The intentions of the conspirators and the financial backers of these journeys are still readily apparent in these two states of the union.

Fischer’s descriptions of the women on this journey makes history come alive. Many in our group’s discussion could not believe how human the people were in this story. It was a difficult journey and there were maps and routes already created so this particular passage did not have to blaze the trail. This group ran out of food and water several times, encountered weather problems, and yet had time to create some celebrations and friendships along the way. Through the character of Lucy, Emma Ruth’s mother, Fisher was able to describe the emotions, the exhaustion; a full experience of life on a journey in a covered wagon. The writer created a realistic image of a woman’s life on such an arduous trek.

My children enjoyed reading historic fiction and used it quite often as a learning tool.
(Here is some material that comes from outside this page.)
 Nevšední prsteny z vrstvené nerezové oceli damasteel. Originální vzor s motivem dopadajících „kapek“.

Because of the romantic interludes in the story, I would have presented this book when they began to understand history around age 11. We read a number of historic fiction books out loud and had our own group discussions and because the romantic parts were not very graphic I believe they would have intrigued more talk about loving relationships than sexual encounters.  I am sure that kids have seen much more on TV than what was presented in this book.
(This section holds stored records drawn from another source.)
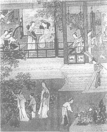 故事描写杨贵妃清晨梳妆打扮的情景。她聚精会神对镜梳妆,众多宫女都在为她忙碌,有的为她采摘新花,有的在浇花,有的为她弹奏音乐,有的为她擎盥洗巾,连小狮子狗都在为她跳跃。环境优雅,春花盛开,更衬托出贵妃青春的魅力。 之三: 捉柳花图 故事描写诗人白居易看孩子们捉柳花的情景,表现出 一种天真的稚气。故事的引出是,白居易先写了《别柳枝》诗 “两枝杨柳小楼中,袅袅多年伴醉翁。明日放归归去后,世间应不要春风。”刘禹锡继和云 “春尽絮飞留不得,随风和去落谁家。” 白居易见到刘诗后,复作 一首戏答,诗云: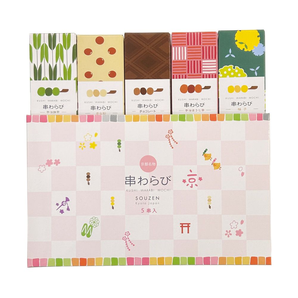 串わらびは、本物の京のわらび餅が串に刺さったスタイルとバラエティ豊かな色と味、可愛らしいパッケージで、京都駅で1日に3,000本売れる大人気商品です。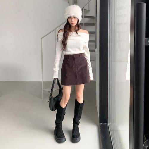 [옷자락]여성 따뜻한 가을 겨울 골덴 미니스커트 바지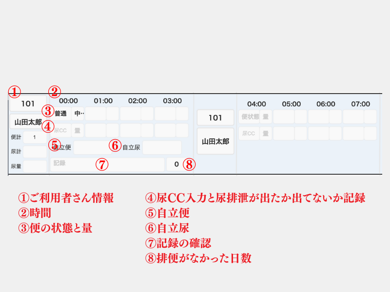7-1:排泄一覧の見方 2024 8/13 このページを印刷する 7-1-1:見方 便計・尿計・尿量は、その日の合計が自動計算で表示されます 7-1-2:注意事項 戻るボタンは右にある【三】を利用してください。その他の戻るボタンを使うと【自動ログアウト】され、再ログインが必要になります。 未分類 基本操作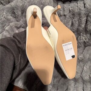 New with original box and small flaw. These Nordstrom mules feature a sleek, minimalist design in a crisp white color, perfect for casual or semi-formal occasions. Crafted with a smooth finish, they offer a pointed toe and an open back for easy slip-on wear. Their versatile style makes them an ideal addition to any wardrobe.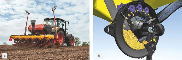 Рис. 3. Загальний вид (а) та висівний апарат (б) сівалки KINZE3000 Twin Lene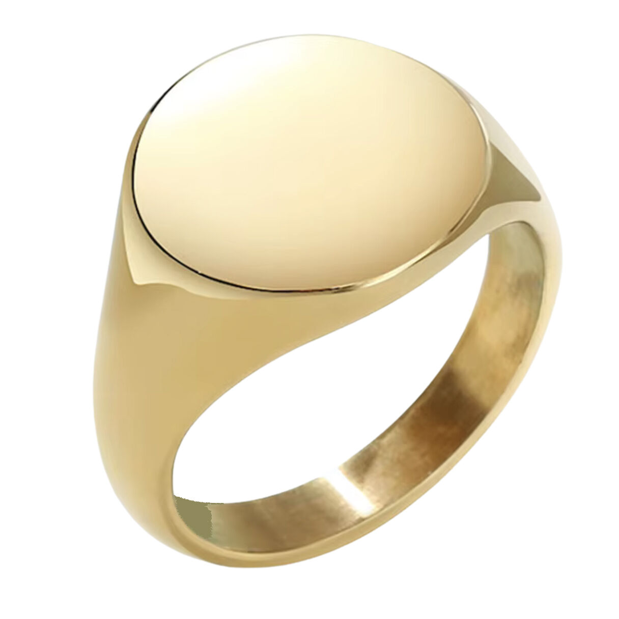 Boarders Round Signet Gold Platted Stainless Steel Ring [Size: 6]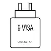 USB-C PD: 9V/3A, 12V/3A, 15V/3A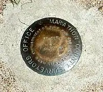 Un petit jardin public y avait été aménagé pour le signaler aux visiteurs, et un marqueur géographique y avait été scellé dans le sol, avec un panneau explicatif installé à côté, par la commission des parcs du comté de Marathon. Le panneau indiquait[3],[8],[9] :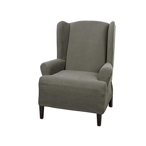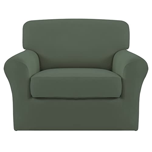 Easy-Going Lot de 2 Housses de Chaise en Microfibre Extensible – Spandex Doux et ajusté – Housse de canapé Lavable avec élastique en Bas pour Enfants, Animaux domestiques, Vert grisâtre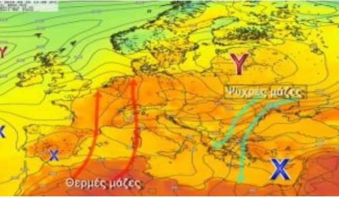 Κάθε καλοκαίρι συνήθως προς τα τέλη Ιουνίου η Δυτική Ευρώπη αρχίζει να «ψήνεται» από έντονο κύμα ζέστης , ενώ αντίθετα στη Νοτιοανατολική Ευρώπη τα πράγματα είναι συνήθως διαφορετικά . Αν ειδικότερα εγκατασταθέί ένας πεδίο υψηλών πιέσεων στα βόρεια Βαλκάνια ή και λίγο βορειότερα στην Ανατολική Ευρώπη , τότε αρχίζει στη χώρα μας το σύστημα να συνδυάζεται με τις χαμηλές της Ανατολικής Μεσογείου και προκαλούνται ισχυροί βοριάδες στο Αιγαίο που μεταφέρου ψυχρότερες αέριες μάζες . Όλοι γνωρίζουμε ότι το μελτέμι είναι ο ετήσιος καλοκαιρινός τοπικός ημερήσιος άνεμος που εκδηλώνεται στις ελληνικές θάλασσες και κυρίως στο Αιγαίο με διεύθυνση των ανέμων στο βόρειο Αιγαίο την ΒA, στο κεντρικό την Β και ΒΑ, στο νότιο Αιγαίο και Κρητικό πέλαγος ΒΔ., φθάνοντας μέχρι τις δυτικές διευθύνσεις κυρίως στη Ρόδο.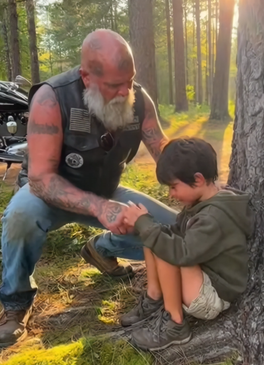 Deep in the woods outside a small town, a biker chose to listen, to stop, and to stay. He didn’t rush. He didn’t panic. He met fear with calm and turned a terrifying moment into a safe one.
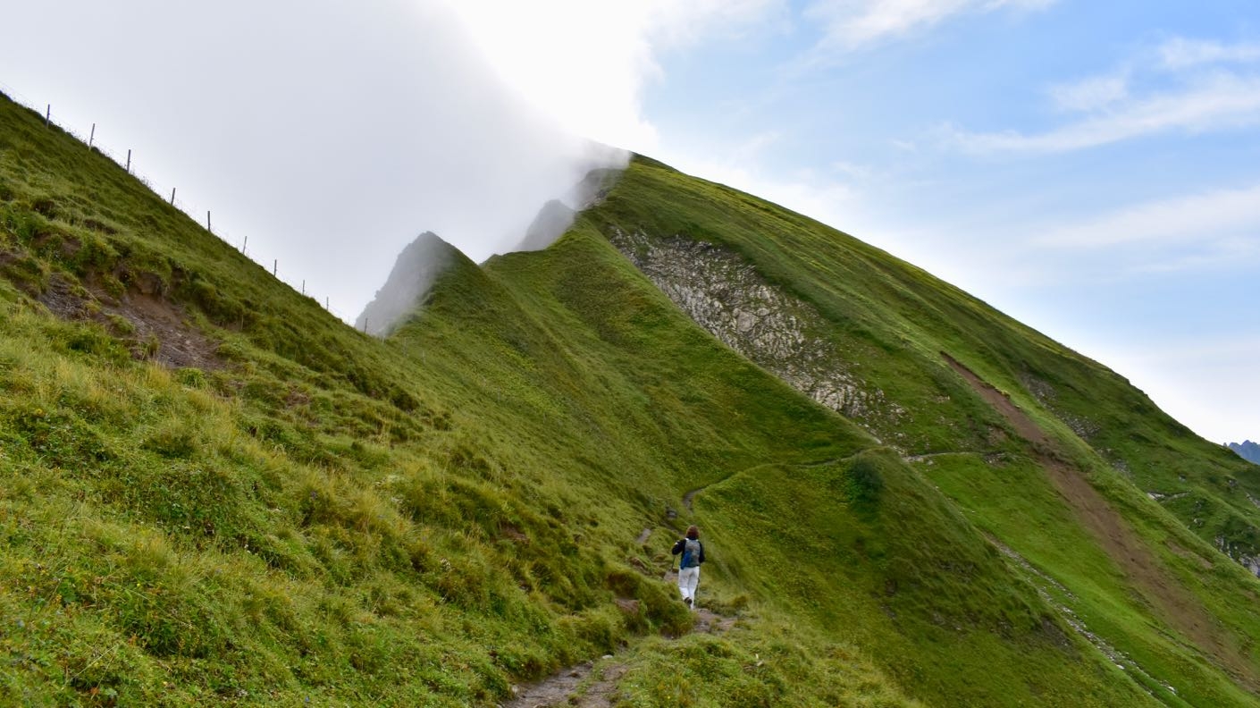 Zuerst geht es kurz hinab ins Bergündeletal, aus dem ich gestern schon aufgestiegen bin. Dann folgt der erste von vielen Anstiegen dieses Tages. Der Weg zum 2007 m hohen Himmelsecksattel ist relativ leicht.

I would recommend this book for all who like a good historic fiction and especially for those who like stories about the pioneers and how cities as large as Portland, Oregon came to be. I think this book also would encourage others to write fiction from snippets of their family tree.

Our groups discussions included Hawaii, airplane travel and rave reviews for Gloria’s Tortilla Soup! Oh Yes!  And the huge windstorm which made us all powerless for hours and the earthquake which shook us into morning!

My rating for this book is 4 ladybugs 4-Ladybugs

Do you like reading historic fiction? Do you have a favorite? Would a family journal intrigue a story for you? Do you ever read books aloud as a family? One of the best parts of this book was our discussion and all the different opinions; would your book group choose a book like this?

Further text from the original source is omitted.